┌──
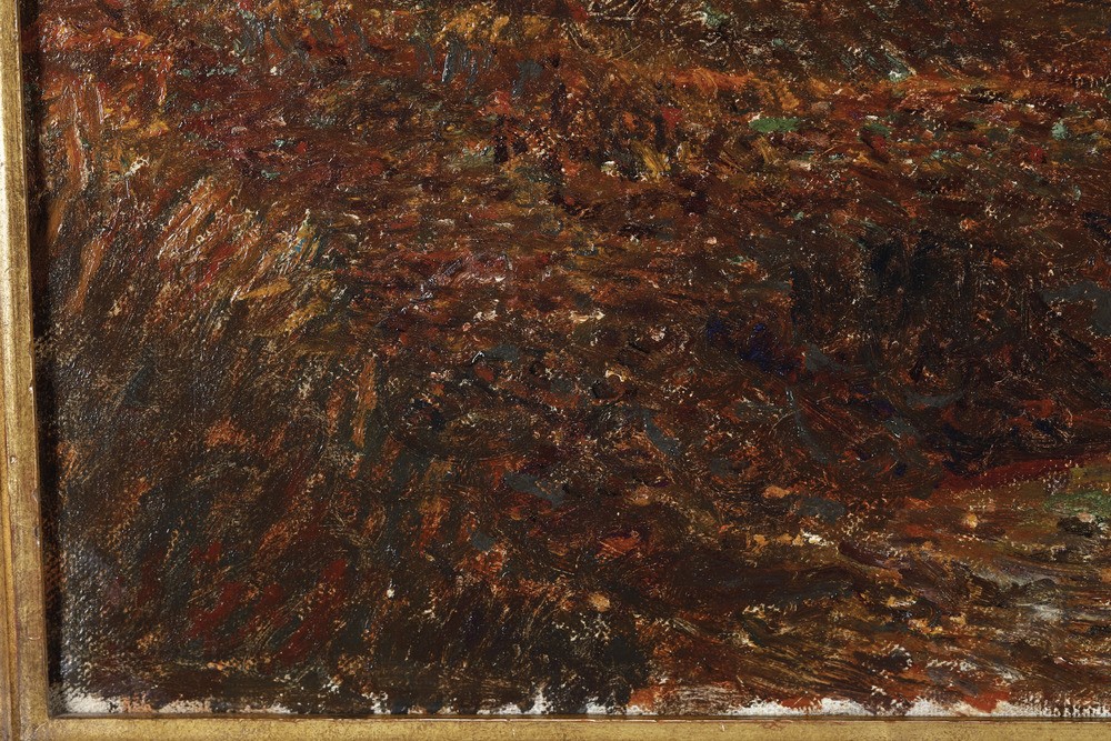 La Clementina è una località vicinissima a Volpedo caratterizzata dalla presenza di una cascina che qui infatti si vede sullo sfondo a sinistra. L’impostazione dell’opera è simile a ‘Novembre’ con un albero al centro della veduta che allarga i suoi rami a stabilire il termine superiore della scena.
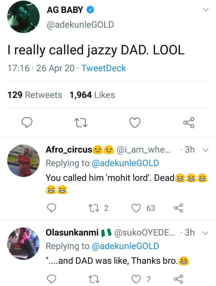 Adekunle Gold said he recently rediscovered the chats when he tried to send Don Jazzy a DM this year and he was so embarrassed. He said, “I wanted the ground to swallow me.”
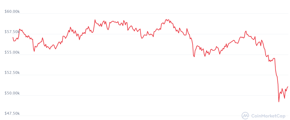 BTC crashes below $50k
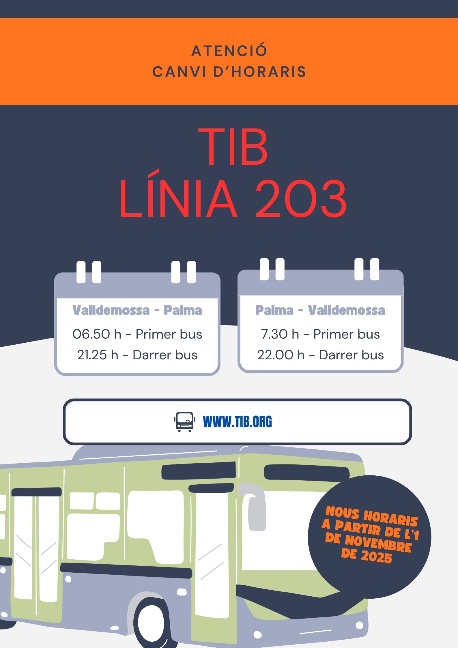 Canvi d'horaris L 203 del TIB
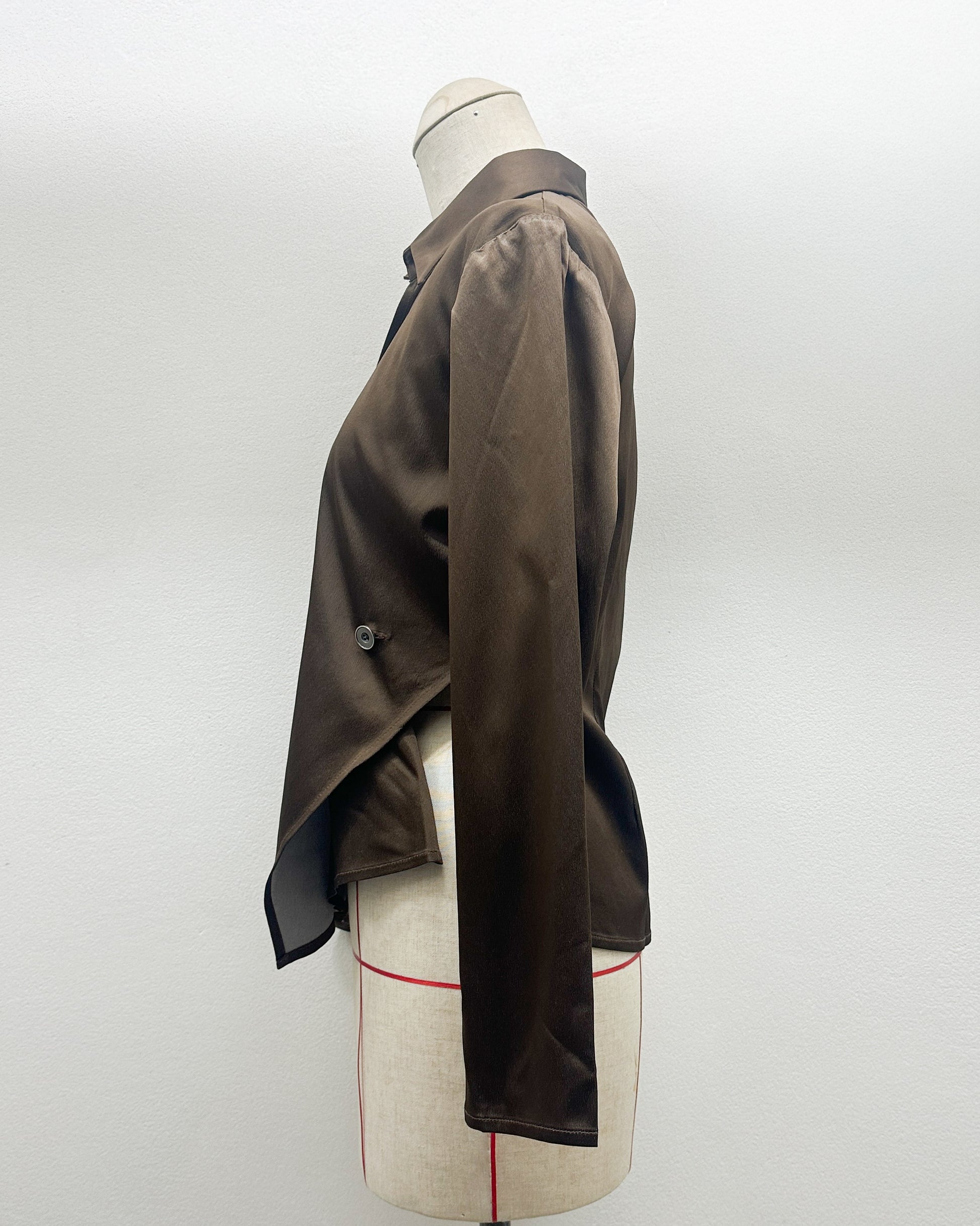 - Features a distinctive cross-front panel design with 2 statement buttons, creating a sleek, asymmetrical look inspired by classic Hanfu and Oriental aesthetics
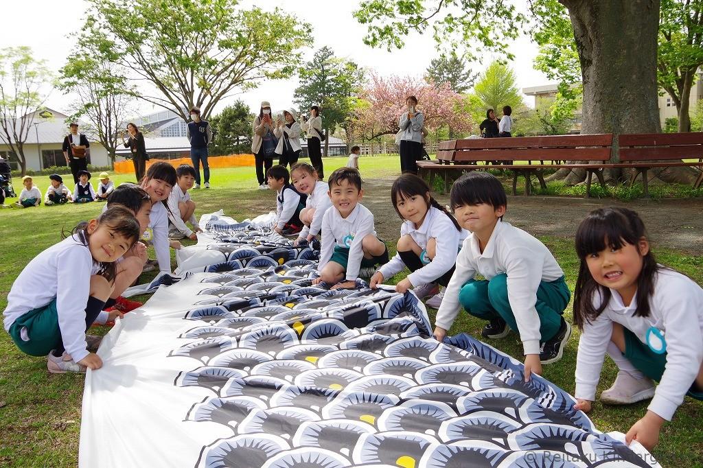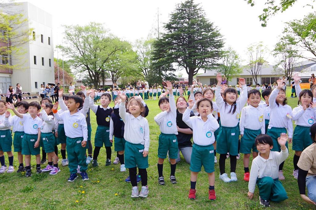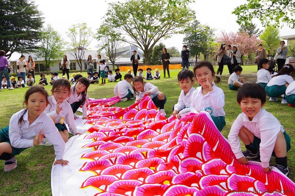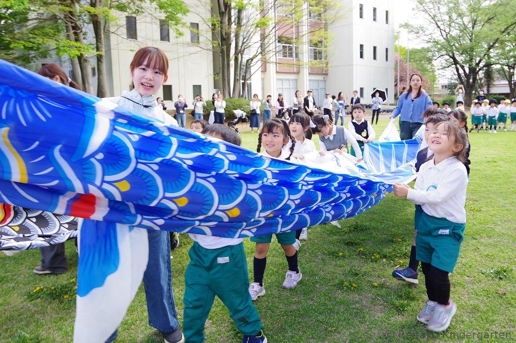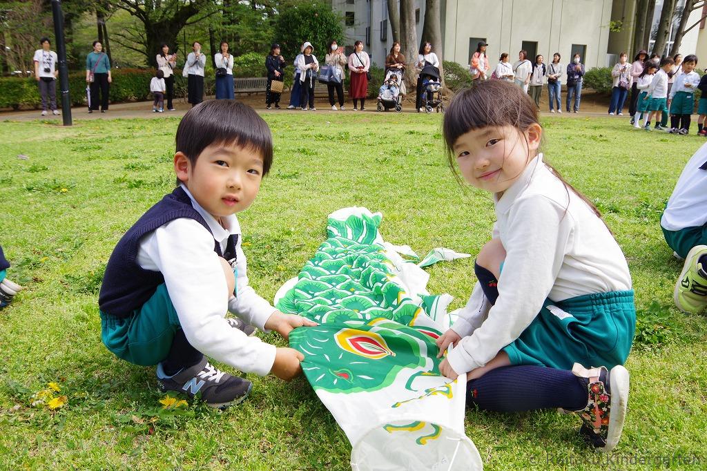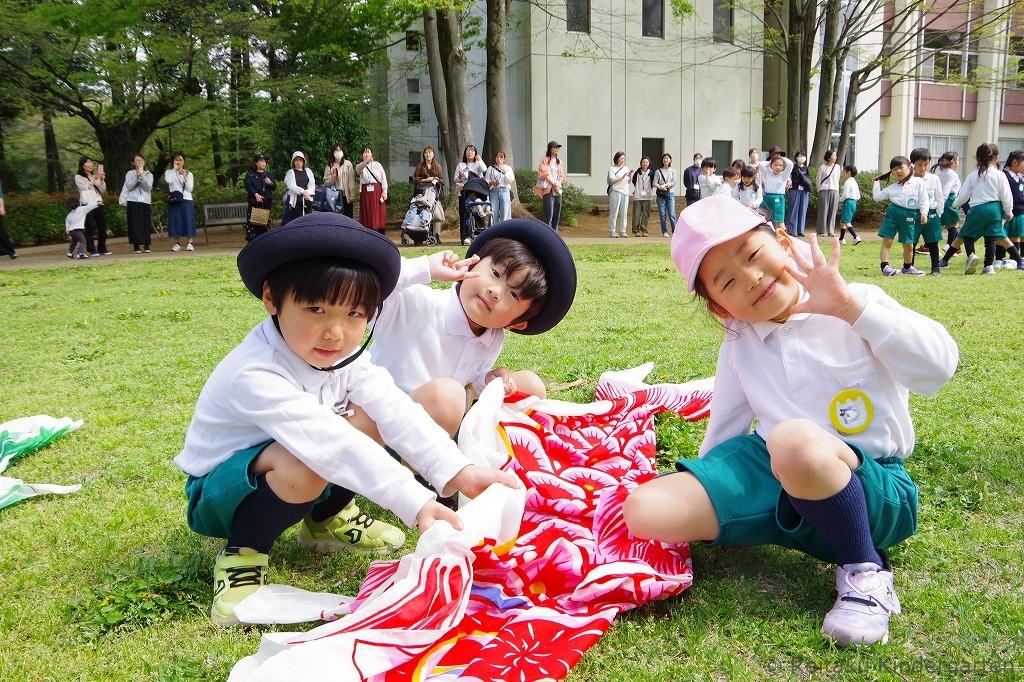 4月13日(月)、年長児はキャンパス中央広場で「こいのぼりの揚げ初め式」に参加しました。芝生の上には、ヒゴイやマゴイ、吹流しなどのこいのぼりが横たわり、「屋根より高いこいのぼり」の文字通りの大きさに子どもたちは驚いた様子でした。
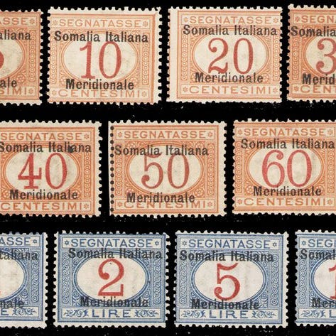 Italiensk Somalia, Pacchi Postali non emessi. Serie på 7 frimærker i kvartine, Sassone P43/49, fra 1926, mint uden kapsel, certificeret Raybaudi. Klik på den blå "gå til varen" knap, for at købe eller byde på denne vare. Den samlede pris vil blive vist inden du afgiver dit bud.
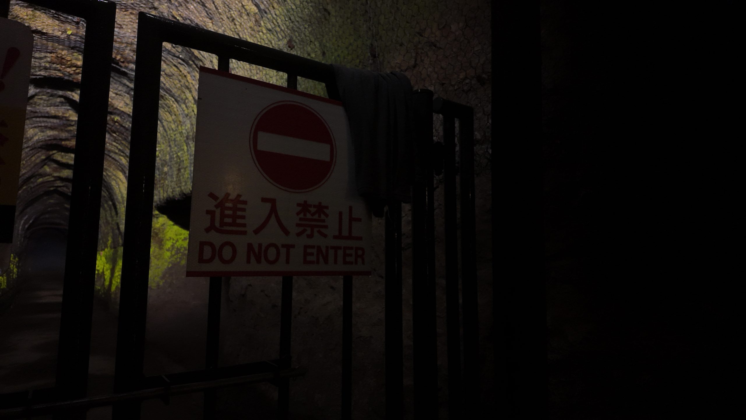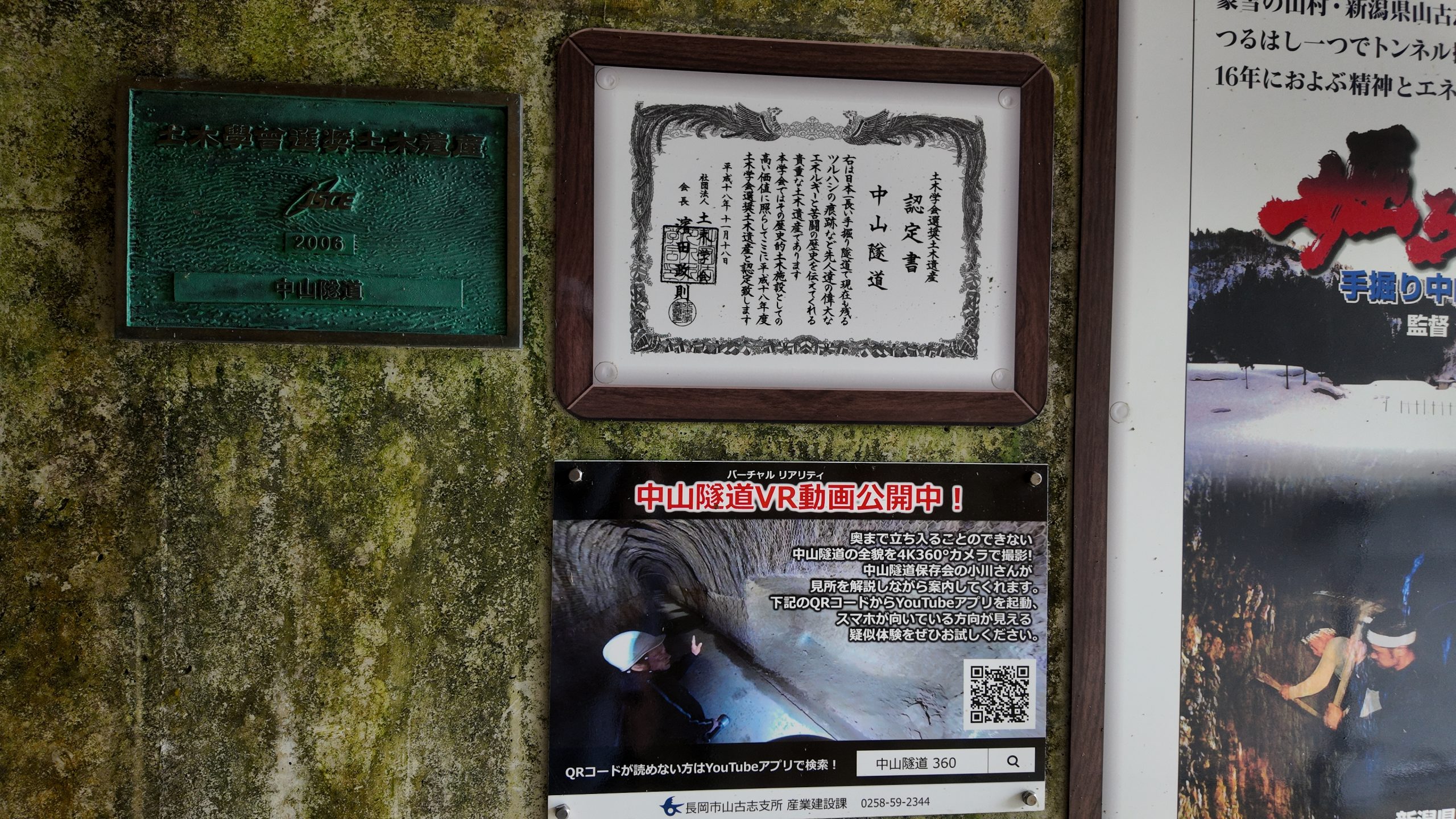 And then to the inside of the tunnel. On the left side, there was a form that visitors fill out, and signs about Nakayama Tunnel on the right side.
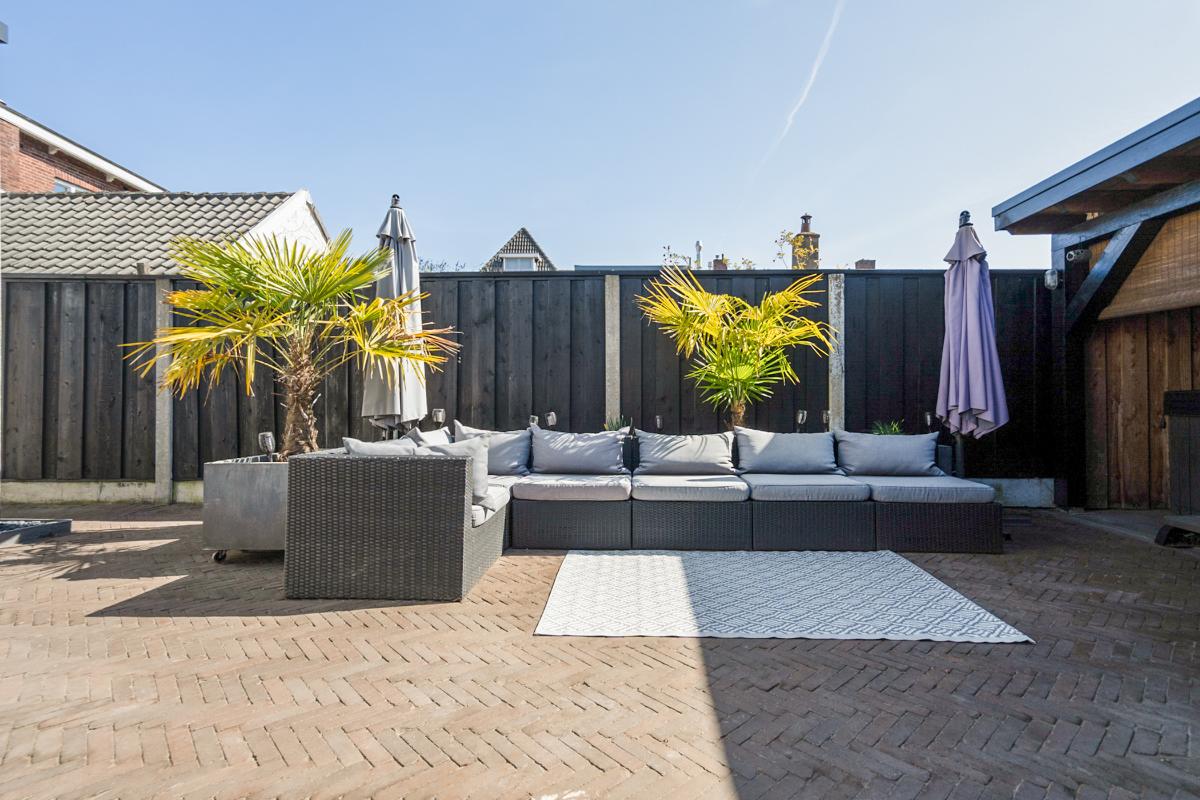 Tuin: Stap de woonkamer uit en laat je verrassen: achter de openslaande tuindeuren wacht een heerlijke buitenruimte gelegen op het zuiden. Geen gedoe met onderhoud, geen gesjouw met grasmaaiers, deze tuin is slim betegeld en altijd klaar voor gebruik. In de ruime L-vormige overkapping achter in de tuin kun je genieten van de lange zomeravonden met vrienden of luisteren naar het zachte getik van de regen op het dak terwijl je knus kunt blijven zitten. De tuin is bereikbaar via de openslaande tuindeuren van de woonkeuken, maar ook via de poort aan de zijkant van de woning.
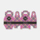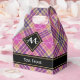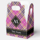 Pink, golden yellow and blue tartan design. Seamless pattern. Custom text and monogram.
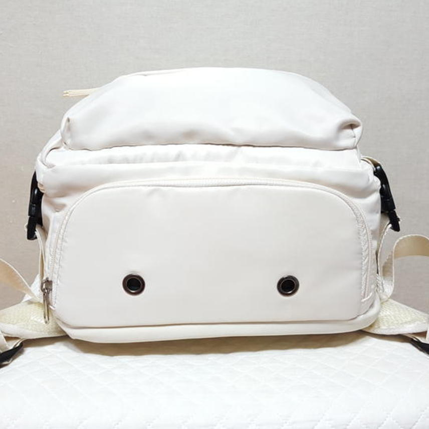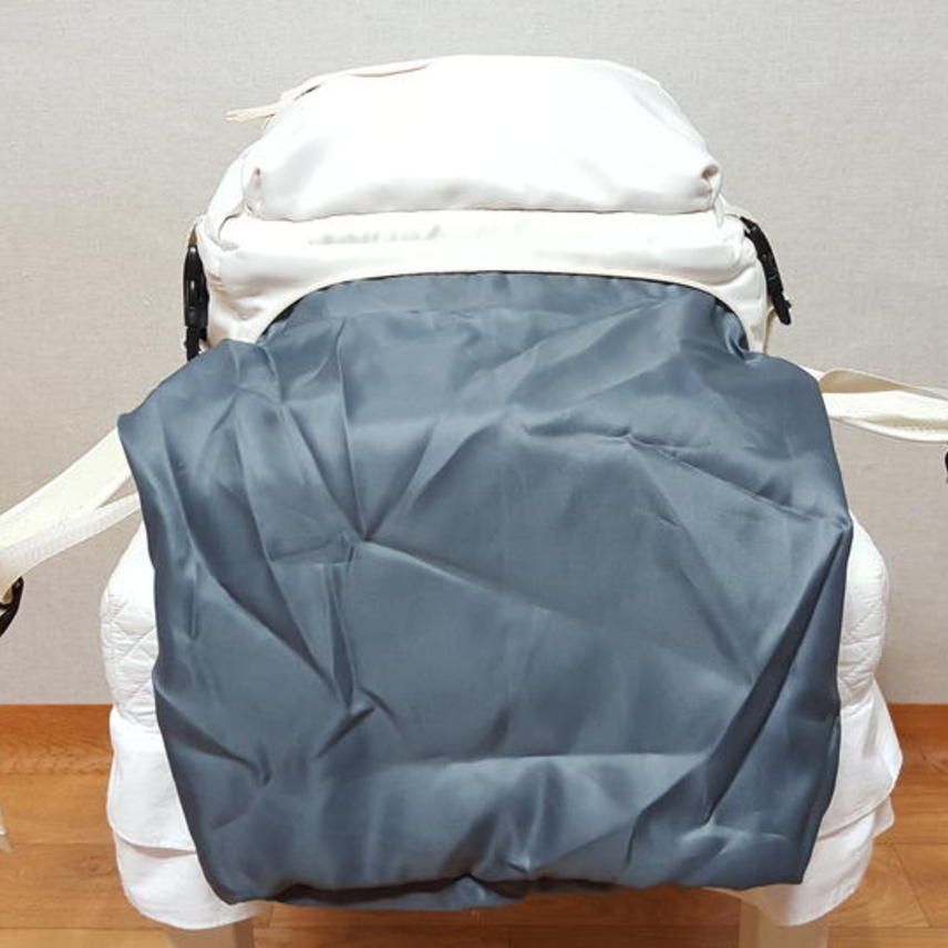 30*43*15cm,, 도톰하고 은은한 광택감이 도는 나일론?원단이며,, 화이트 아니고 예쁜 미색이고요,, 가벼워요..
└──
▶ **What you will do**:
Of the records above, print only the lines from the one containing "Italiensk Somalia, Pacchi" through the one containing "Pink, golden yellow", inclusive and unaltered, leaving out pictures.

▶ **Worked solution**:
 Italiensk Somalia, Pacchi Postali non emessi. Serie på 7 frimærker i kvartine, Sassone P43/49, fra 1926, mint uden kapsel, certificeret Raybaudi. Klik på den blå "gå til varen" knap, for at købe eller byde på denne vare. Den samlede pris vil blive vist inden du afgiver dit bud.
 And then to the inside of the tunnel. On the left side, there was a form that visitors fill out, and signs about Nakayama Tunnel on the right side.
 Tuin: Stap de woonkamer uit en laat je verrassen: achter de openslaande tuindeuren wacht een heerlijke buitenruimte gelegen op het zuiden. Geen gedoe met onderhoud, geen gesjouw met grasmaaiers, deze tuin is slim betegeld en altijd klaar voor gebruik. In de ruime L-vormige overkapping achter in de tuin kun je genieten van de lange zomeravonden met vrienden of luisteren naar het zachte getik van de regen op het dak terwijl je knus kunt blijven zitten. De tuin is bereikbaar via de openslaande tuindeuren van de woonkeuken, maar ook via de poort aan de zijkant van de woning.
 Pink, golden yellow and blue tartan design. Seamless pattern. Custom text and monogram.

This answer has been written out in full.